After loading nf_conntrack_ipv4.ko, everything works again (also with
the "bad" ff09b7). But I have to load it explicitly, and I think that
unfortunately breaks a lot of setups (such as mine) which assume ipv4
connection tracking is always there.

Comments?


Jan
--
Re: nf_conntrack_ipv4 must be loaded explicitly [ In reply to ]
kaber at trash
Aug 2, 2007, 11:33 AM
Post #2 of 5 (2555 views)
Permalink
Jan Engelhardt wrote
> in recent git kernels, I experience the following "regression" that no
> packets traverse the nat table (esp. the POSTROUTING counters just stand
> still) - and hence things like ping+SNAT do not work. Bisect nailed it
> down to:
>
> ff09b7493c8f433d3ffd6a31ad58d190f82ef0c5 is first bad commit
> commit ff09b7493c8f433d3ffd6a31ad58d190f82ef0c5
> Author: Yasuyuki Kozakai <yasuyuki.kozakai@toshiba.co.jp>
> Date: Sat Jul 7 22:25:28 2007 -0700
>
> [NETFILTER]: nf_nat: remove unused nf_nat_module_is_loaded
>
> Signed-off-by: Yasuyuki Kozakai <yasuyuki.kozakai@toshiba.co.jp>
> Signed-off-by: Patrick McHardy <kaber@trash.net>
> Signed-off-by: David S. Miller <davem@davemloft.net>
>
> :040000 040000 177886eca60385293ac736c8e4861a2d4910d90a 32e63b6a9399e1ea65dc6cd0b357ca811e4dc835 M include
> :040000 040000 e1c20c3db28c927af62df067b2a20f8604a5fe06 84a277d1f81e3be9ce37ce6040c6d814ca20b3b0 M net
>
>
> The diff from ff09b7^...ff09b7 made me think...
>
> End result:
>
> After loading nf_conntrack_ipv4.ko, everything works again (also with
> the "bad" ff09b7).

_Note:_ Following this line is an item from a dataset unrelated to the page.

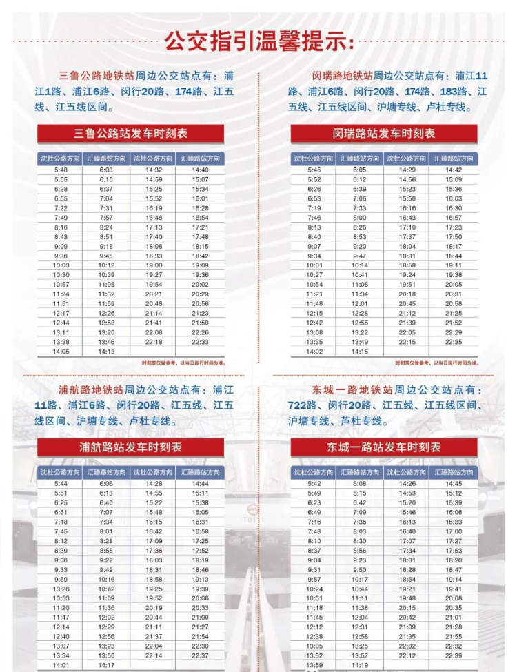 (1) 沈杜公路站:浦江11路、浦江15路、浦江20路、浦江8路、海航专线、闵行10路、闵行38路。

But I have to load it explicitly, and I think that
> unfortunately breaks a lot of setups (such as mine) which assume ipv4
> connection tracking is always there.
>

I already have a patch for this queued. I'll push it upstream once
I get a new power supply for the box I keep that tree on, hopefully
tommorrow.
Re: nf_conntrack_ipv4 must be loaded explicitly [ In reply to ]
jengelh at computergmbh
Aug 17, 2007, 3:43 AM
Post #3 of 5 (2524 views)
Permalink
On Aug 2 2007 20:33, Patrick McHardy wrote:
>> End result:
>>
>> After loading nf_conntrack_ipv4.ko, everything works again (also with the
>> "bad" ff09b7). But I have to load it explicitly, and I think that
>> unfortunately breaks a lot of setups (such as mine) which assume ipv4
>> connection tracking is always there.
>
> I already have a patch for this queued. I'll push it upstream once
> I get a new power supply for the box I keep that tree on, hopefully
> tommorrow.

What's that patch looking like?



thanks,
Jan
--
Re: nf_conntrack_ipv4 must be loaded explicitly [ In reply to ]
kaber at trash
Aug 23, 2007, 7:53 AM
Post #4 of 5 (2496 views)
Permalink
Jan Engelhardt wrote:
> On Aug 2 2007 20:33, Patrick McHardy wrote:
>
>>>End result:
>>>
>>>After loading nf_conntrack_ipv4.ko, everything works again (also with the
>>>"bad" ff09b7). But I have to load it explicitly, and I think that
>>>unfortunately breaks a lot of setups (such as mine) which assume ipv4
>>>connection tracking is always there.
>>
>>I already have a patch for this queued. I'll push it upstream once
>>I get a new power supply for the box I keep that tree on, hopefully
>>tommorrow.
>
>
> What's that patch looking like?


Upstream commit 591e6206. Doesn't it work for you?

Attached Files:

  • text/plain x (2.14 KB)
Re: nf_conntrack_ipv4 must be loaded explicitly [ In reply to ]
jengelh at computergmbh
Aug 23, 2007, 8:48 AM
Post #5 of 5 (2503 views)
Permalink
On Aug 23 2007 16:53, Patrick McHardy wrote:
>>>>After loading nf_conntrack_ipv4.ko, everything works again (also with the
>>>>"bad" ff09b7). But I have to load it explicitly, and I think that
>>>>unfortunately breaks a lot of setups (such as mine) which assume ipv4
>>>>connection tracking is always there.
>>>
>>>I already have a patch for this queued. I'll push it upstream once
>>>I get a new power supply for the box I keep that tree on, hopefully
>>>tommorrow.
>>
>>
>> What's that patch looking like?
>
>Upstream commit 591e6206. Doesn't it work for you?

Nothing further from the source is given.